Oxygenation of head and neck cancer: changes during radiotherapy and impact on treatment outcome
Introduction
Tumor hypoxia predicts an adverse treatment outcome in the radiotherapeutic management of cancer of the head and neck, uterine cervix, and in soft tissue sarcomas [2], [4], [7], [10], [11], [15]. For cervical carcinoma, the significance is independent of other known variables such as tumor stage [10]. Whether such independent significance exists in head and neck cancer as well is not known.
Reoxygenation has been demonstrated to occur early in the course of preoperative irradiation and hyperthermia for soft tissue sarcomas.

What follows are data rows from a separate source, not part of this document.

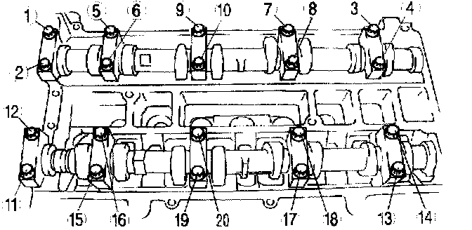 Loosen the camshaft cap bolts in two or three steps in the order shown in the figure
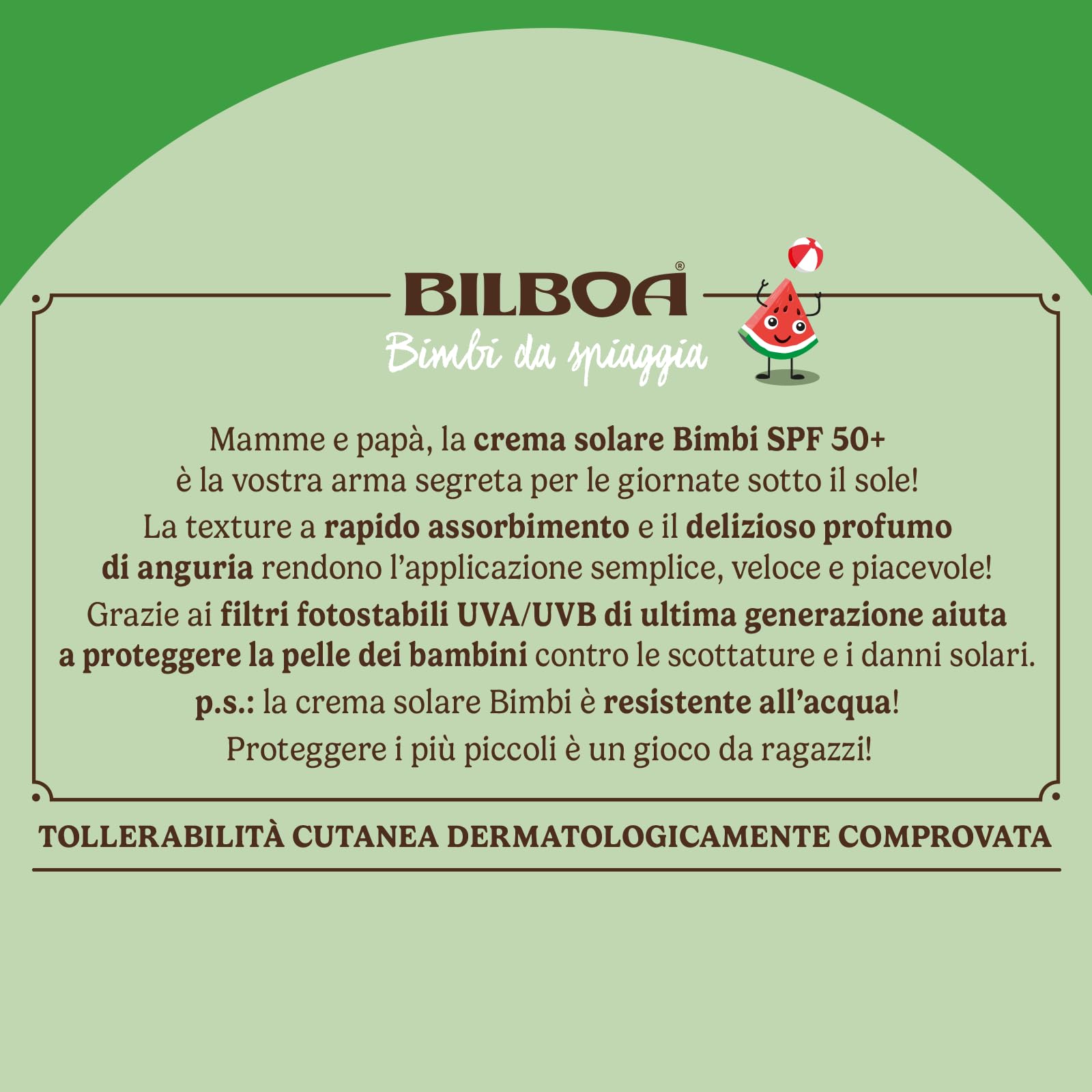 - p.s.: la crema solare Bimbi è resistente all’acqua!
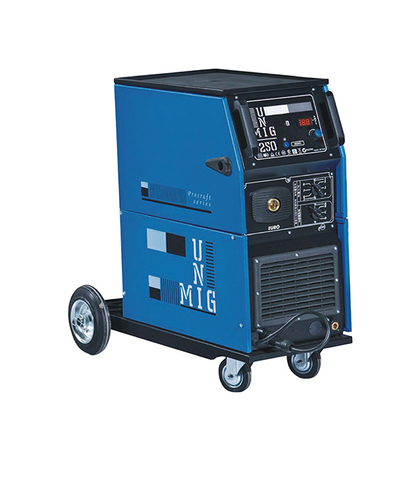 Сварочный аппарат “Unimig 250” трансформаторного типа для полуавтоматической сварки с газом и без газа в режимах MIG – MAG – MOG. Оснащён микропроцессорным управлением. Режим MIG-MAG – полуавтоматическая электродуговая сварка в среде защитного газа. Наиболее широко применяются в кузовных цехах автосервисов, так как не снижают прочность и коррозионную стойкость сварки тонких листов металла, а полученный сварной шов не нуждается в очистке от флюса и окалин. Режим MOG – безгазовая сварка с использованием порошковой или флюсовой проволоки. Используется практически во всех видах строительства, на производствах, при изготовлении металлоконструкций, в автосервисах, в гаражах, на дачах.

Improved tumor oxygenation has been correlated with increased likelihood of favorable pathologic response [3]. Treatment induced changes in the oxygenation of head and neck cancer along with any associated clinical significance are less well understood [13]. In a preliminary report, we described worse local control, disease free survival, and overall survival in head and neck cancer patients with tumor median pO2 values <10 mmHg [4]. At that time, most patients had only undergone pretreatment oxygen assessment. Since then the total number of patients enrolled in this study has more than doubled. Our policy has also been revised to incorporate a second set of measurements early in the course of treatment. This report updates our previous experience, evaluates treatment induced changes in tumor oxygenation, and examines the significance of tumor oxygenation in a multivariate setting.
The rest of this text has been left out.